Copy out the data below as written; omit any images.

DATA BLOCK ▸
---
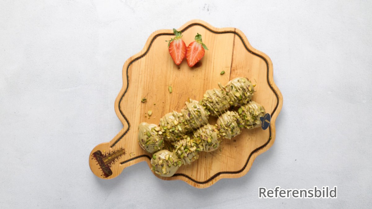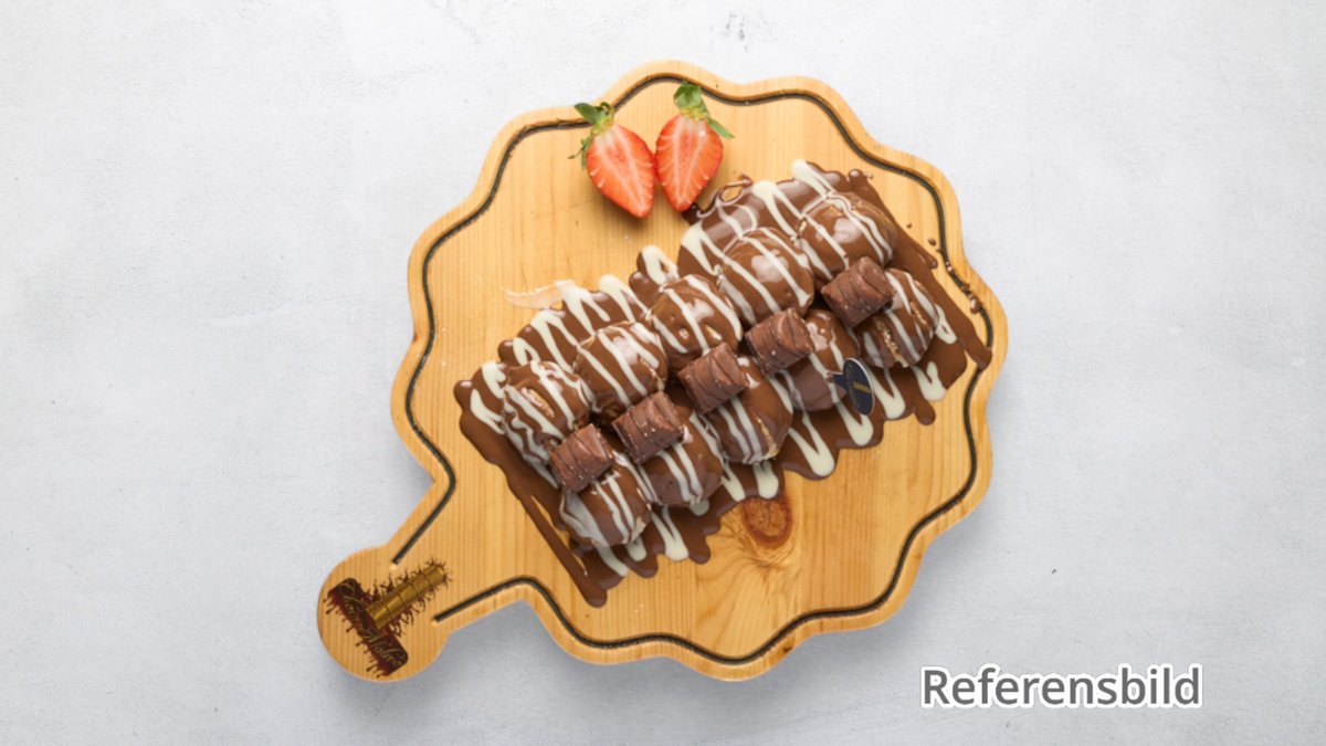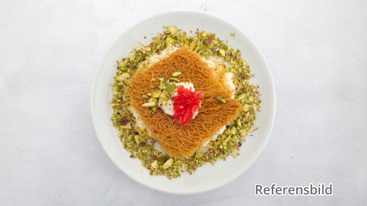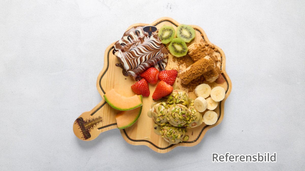 Serveras med frukt, kunaffa, pistasch, nutella och vitchoklad.
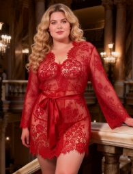 The Ohyeah R80552 Plus Size Lingerie is a product that offers a variety of benefits for women seeking comfortable, practical, and beautiful lingerie. The main fabric of this lingerie is made of high-quality eyelash lace, which gives the garment a natural and delicate feel. The neckline, cuffs, and hem all feature raw eyelash lace, which adds a touch of sophistication and elegance. The long-sleeved cardigan style is another significant advantage of this lingerie, which is both elegant and classy. The garment is available in two classic colors of black and red, which add a dramatic and sexy element to the overall look. The R80552 Plus Size Lingerie also includes a matching silk-like waistband, which is both stylish and convenient. The waistband can be adjusted to fit the wearer comfortably, and it can be removed if desired. This adds an element of versatility to the garment, making it perfect for a range of occasions. In addition to the long-sleeved cardigan style, the R80552 Plus Size Lingerie also includes a sexy lace short robe, which adds an element of excitement and sensuality to the overall look. This ultra-short robe is perfect for those who want to show off their curves and add a touch of sexiness to their lingerie collection. The garment is designed to fit a wide range of sizes, from small to 5XL plus size, making it accessible to women of all shapes and sizes. The garment also comes with a matching thong or G-string, adding to the overall sexiness and appeal of the garment. Overall, the R80552 Plus Size Lingerie from Ohyeah is a stunning garment that combines elegance, sophistication, and sensuality. Its key advantages include the use of eyelash lace, the long-sleeved cardigan style, the matching waistband, the short robe, and the range of sizes available. This lingerie piece is perfect for women who want to feel confident, sexy, and beautiful, whether for a special occasion or everyday wear.
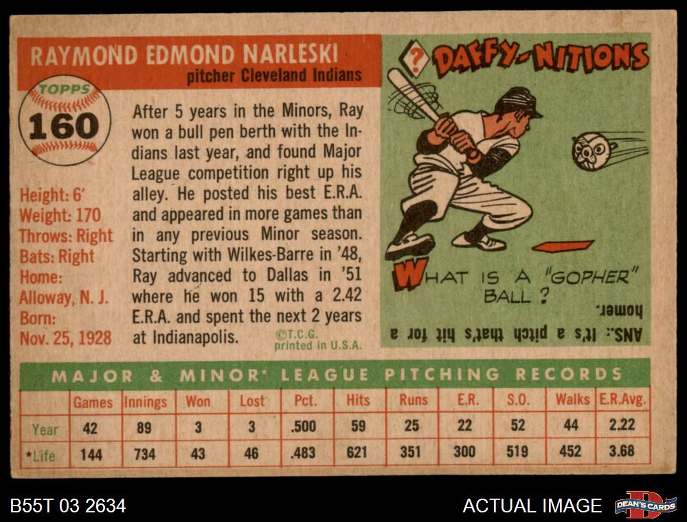 1955 Topps #160 Ray Narleski 4 - VG/EX
---
ANSWER SECTION ▸
 Serveras med frukt, kunaffa, pistasch, nutella och vitchoklad.
 The Ohyeah R80552 Plus Size Lingerie is a product that offers a variety of benefits for women seeking comfortable, practical, and beautiful lingerie. The main fabric of this lingerie is made of high-quality eyelash lace, which gives the garment a natural and delicate feel. The neckline, cuffs, and hem all feature raw eyelash lace, which adds a touch of sophistication and elegance. The long-sleeved cardigan style is another significant advantage of this lingerie, which is both elegant and classy. The garment is available in two classic colors of black and red, which add a dramatic and sexy element to the overall look. The R80552 Plus Size Lingerie also includes a matching silk-like waistband, which is both stylish and convenient. The waistband can be adjusted to fit the wearer comfortably, and it can be removed if desired. This adds an element of versatility to the garment, making it perfect for a range of occasions. In addition to the long-sleeved cardigan style, the R80552 Plus Size Lingerie also includes a sexy lace short robe, which adds an element of excitement and sensuality to the overall look. This ultra-short robe is perfect for those who want to show off their curves and add a touch of sexiness to their lingerie collection. The garment is designed to fit a wide range of sizes, from small to 5XL plus size, making it accessible to women of all shapes and sizes. The garment also comes with a matching thong or G-string, adding to the overall sexiness and appeal of the garment. Overall, the R80552 Plus Size Lingerie from Ohyeah is a stunning garment that combines elegance, sophistication, and sensuality. Its key advantages include the use of eyelash lace, the long-sleeved cardigan style, the matching waistband, the short robe, and the range of sizes available. This lingerie piece is perfect for women who want to feel confident, sexy, and beautiful, whether for a special occasion or everyday wear.
 1955 Topps #160 Ray Narleski 4 - VG/EX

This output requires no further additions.